Kevin Christensen’s Twenty-year Retrospective on Margaret Barker’s Influence on the Church

Twenty years ago Kevin Christensen introduced Latter-day Saints to the revolutionary work of a unique biblical scholar in the United Kingdom, Margaret Barker. Her message resonated with numerous Latter-day Saint themes, yet she had been largely unfamiliar with the Church until Kevin contacted her and helped her recognize why so many of us find her work fascinating. While Latter-day Saints often respond to her work as adding evidence for the antiquity of the Book of Mormon and various aspects of the restored temple, Barker’s response to reading the Book of Mormon and learning about our perspectives was surprisingly similar. The opening pages of the Book of Mormon struck her as an amazing vindication of her work, revealing the very religious schisms between old and new forms of Judaism that she had discerned from her wide-ranging studies. She saw Lehi as a classic example of the older religion that was being stamped out with violent persecution in Jerusalem. He was part of the old tradition that included prophets seeing God, ascending or seeing the divine council, and knowledge of the Son of God who would be the sacrificial Lamb and Messiah. Though she remains an ordained Presbyterian minister, she has since referred to the Book of Mormon as “our Book of Mormon” and her respect for the teachings, scriptures, and mission of The Church of Jesus Christ of Latter-day Saints is evident.

Was her impact on the Church and its scholars a flash in the pan long since gone dim? I was pleasantly surprised to see how broad her impact has become over the past two decades, as discussed in an outstanding retrospective that Christensen just published in Interpreter. The article is “Twenty Years After ‘Paradigms Regained,’ Part 1: The Ongoing, Plain, and Precious Significance of Margaret Barker’s Scholarship for Latter-day Saint Studies,” Interpreter: A Journal of Latter-day Saint Faith and Scholarship 54 (2022): 1-64

Here is one of many noteworthy passages:

In January of 2012, when Barker spoke at the Orthodox Seminary in Yonkers, New York, my wife and I drove from Pittsburgh to listen. Before the audience was seated, Margaret approached us, saying that “The first thing I said to them when I got here was that if they were serious about studying the temple, they would have to swallow their pride and ask the Mormons, because they have the best scholars on the topic.” The talk she gave, on Jesus as “The Great High Priest,” was very well received by the audience of Orthodox scholars and leaders. The talk needed to be re-recorded for broadcast, and for that recording, the first of two questions Barker was asked concerned Latter-day Saint interest in her work. She noted for the public broadcast, “I have developed a very happy relationship with many top Mormon scholars, really good biblical scholars, who know their temple stuff. And what they come up with and what I’ve come up with is just about identical. So I work with Mormons because, in terms of temple scholarship, they are the best available. Full stop.” (50)

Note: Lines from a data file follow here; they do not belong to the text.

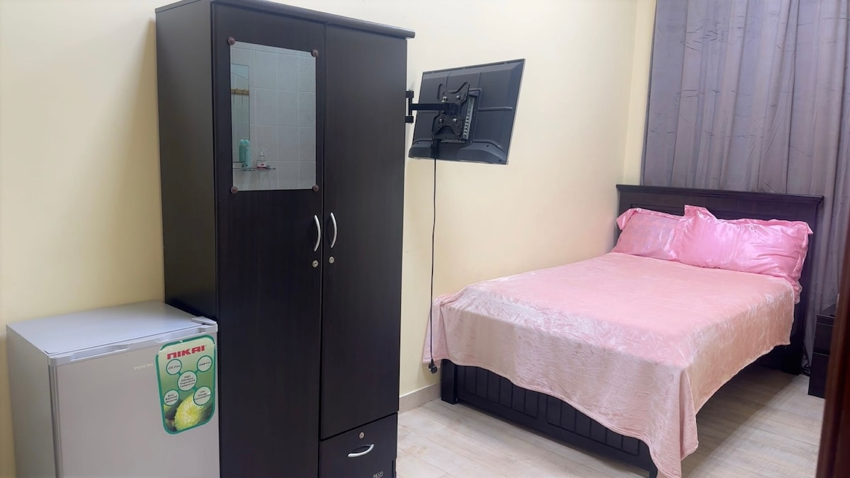 Спокойное жилье в аренду для вашего StayCa с партнером, у нас есть комната-студия с прилегающим туалетом и мини-кухней в центре Абу-Даби, ОАЭ. Что включено: - Кондиционер в Сплите. - Есть Wi-Fi. - Кухня оборудована небольшим холодильником и переносной газовой плитой, микроволновой печью. - Портативная стиральная машина, а также сушилки. - Боковой ящик и шкаф. Жилье доступно, недалеко от автобусной остановки, торгового центра, Baqala's, Resto и мечетей.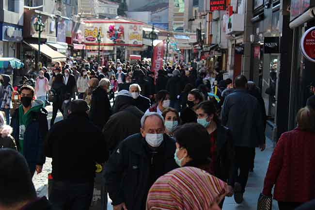 Eskişehir'de, Korona virüse (Covid-19) karşı alınan tedbirler kapsamında hafta sonu sokağa çıkma kısıtlamasının başlamasına saatler kala ortaya çıkan insan kalabalığı adeta pes dedirtti.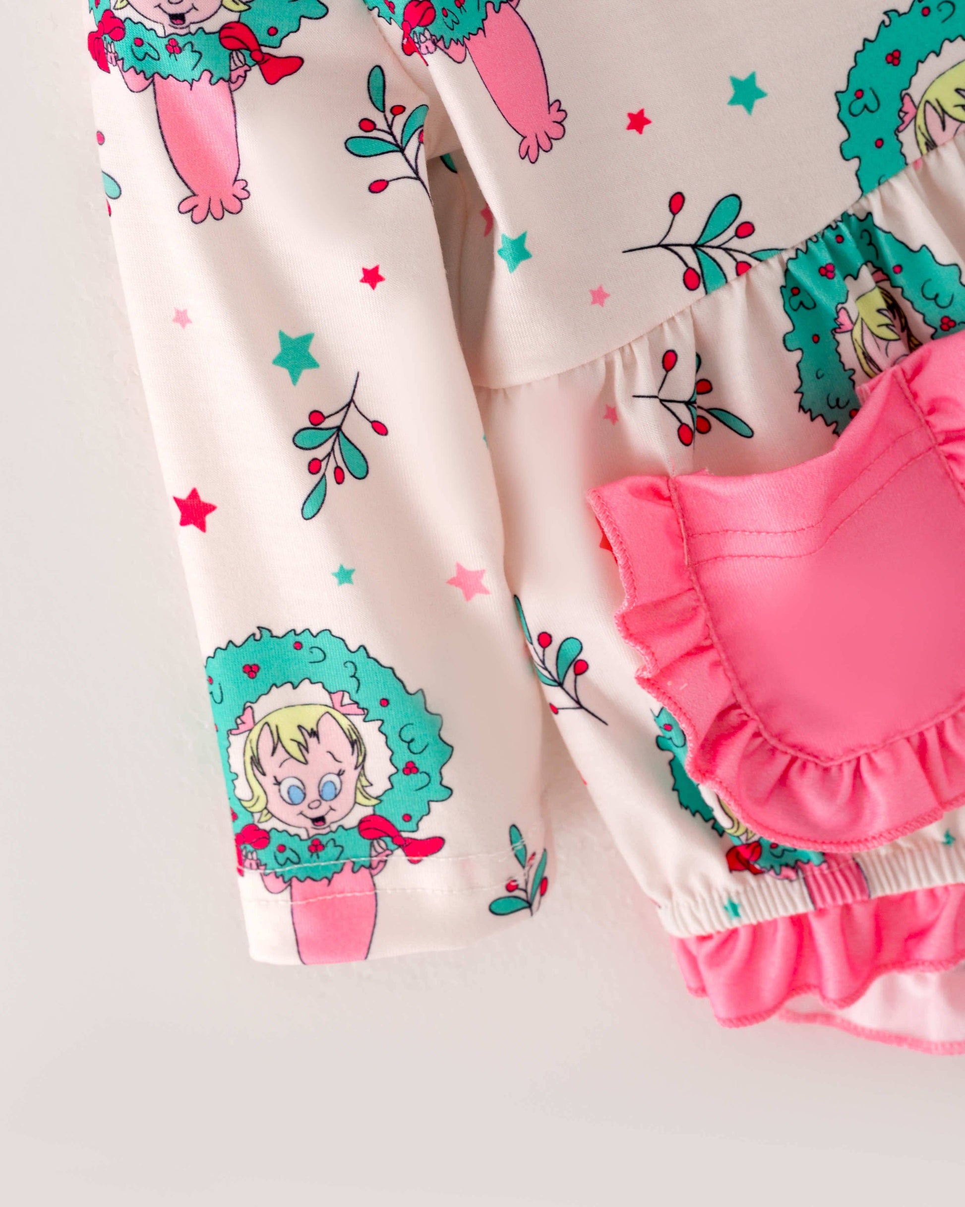 ✅ Beige Ruffle Poctet Baby Girl Bubble Romper RPG40798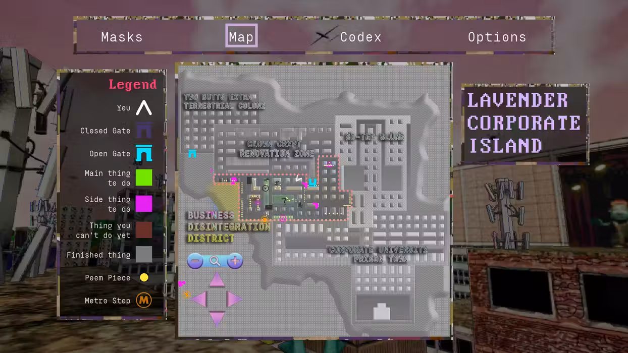 The world itself is the story. The Lavender Corporation, an evil group from the mainland, works with an alien civilization to control the island and everyone who lives on it. To fight back, you'll accept missions, meet contacts, and find masks with different abilities.
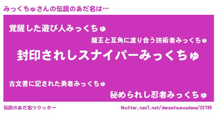 | 胡散臭い通販商品みたいなあだ名 | 『億万長者になれる霊験あらたかなお札…その名も「みっくちゅ」』 |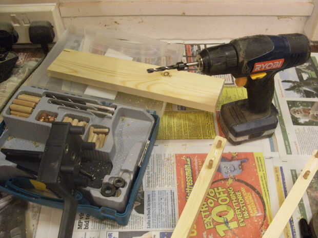 Luego cortar cuatro longitudes de 70 mm x 15 mm lumbar 2 x 400 mm (lados), 1 x 410mm (signo) y 1 x 550mm (estante). La tabla debe tener un labio a la izquierda en la parte inferior una vez enmarcada. La lumbar estructura fue perforada, unida y pegada juntos antes de ser fijado a la tabla. El estante tiene sus extremos redondeados para seguridad. Para soporte adicional debajo del estante dispone de algunos patas decorativas. Estos fueron cortados de algunos viejos ejes de escalera. El estante se atornilla por detrás como son el patas decorativas.

Kevin’s paper and his prior works deserve much more attention, as does the work of Margaret Barker. Her work has errors, certainly, but there are some amazing vistas she is providing into the ancient world that are worthy of contemplation.

Author: Jeff Lindsay

3 thoughts on “Kevin Christensen’s Twenty-year Retrospective on Margaret Barker’s Influence on the Church

  1. Thanks for the comments Jeff. The next twenty years of Barker’s Temple Theology will be interesting as well, in this context as the competing paradigms with regard to how to do scholarship on the Book of Mormon and the Bible, wrestle and strive to attract adherents. Who yearns to reach the tree and savor the fruit, and who wants to play to the Great and Spacious?

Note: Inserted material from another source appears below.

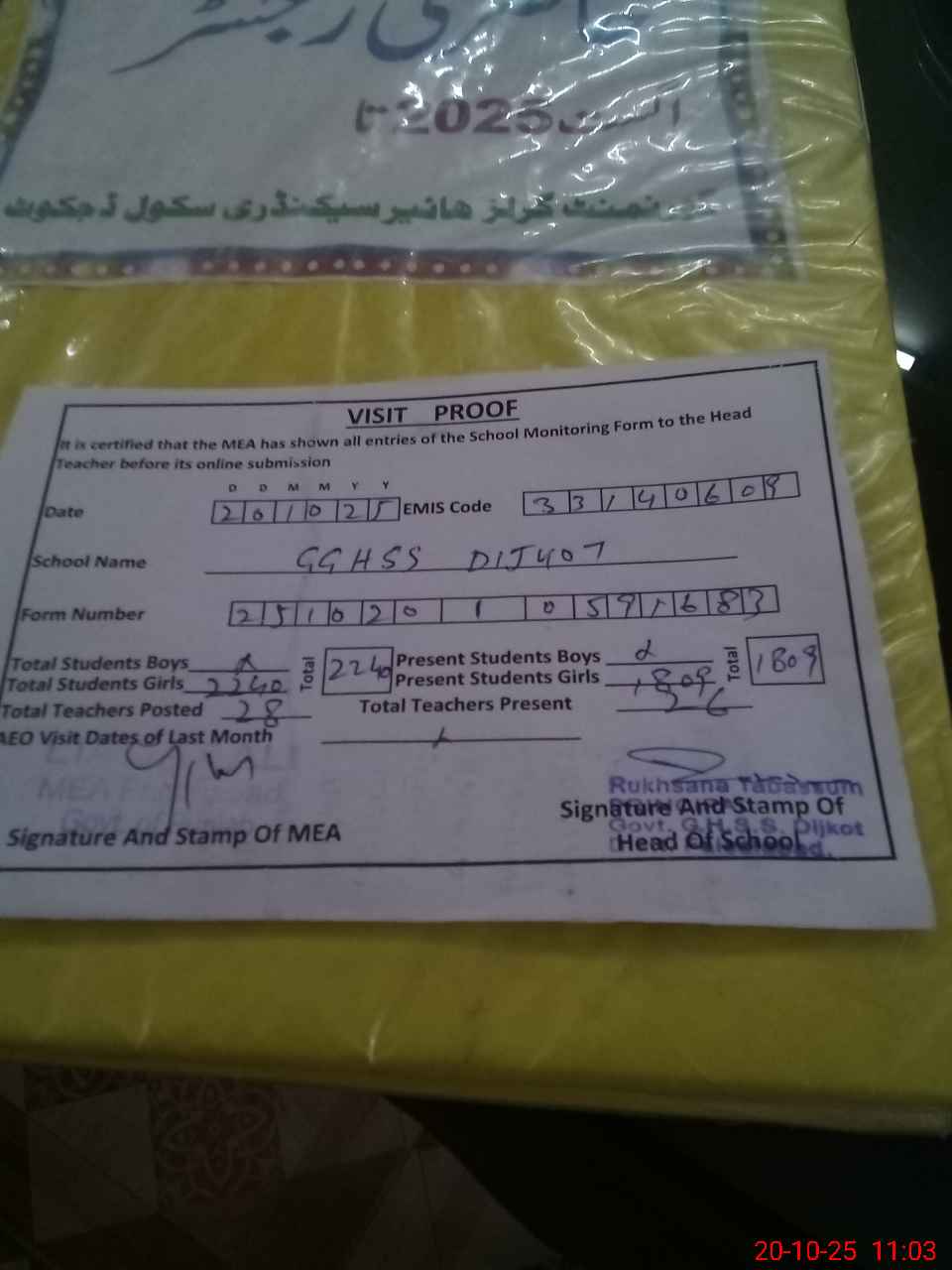 | Attendance Register | Head Teacher | MEA with School | Visit Proof |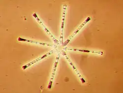 Asterionella is a genus of pennate freshwater diatoms. They are frequently found in star-shaped colonies of individuals.

  2. I am a retired dentist since 1991; I have been around the sun 93 times in October 2023. I have studied religion all my adult life to the best of my capacity; especially since my retirement. I read two of Margaret Barker’s
    books ten or fifteen years ago, but my ability as a religious scholar is too limited to really capture the value in her writings that I knew was there.
    Even with my advanced age and loss of erudition, your article has satisfied my need for better understanding of her work as well as the value of your own thoughts. Thank You!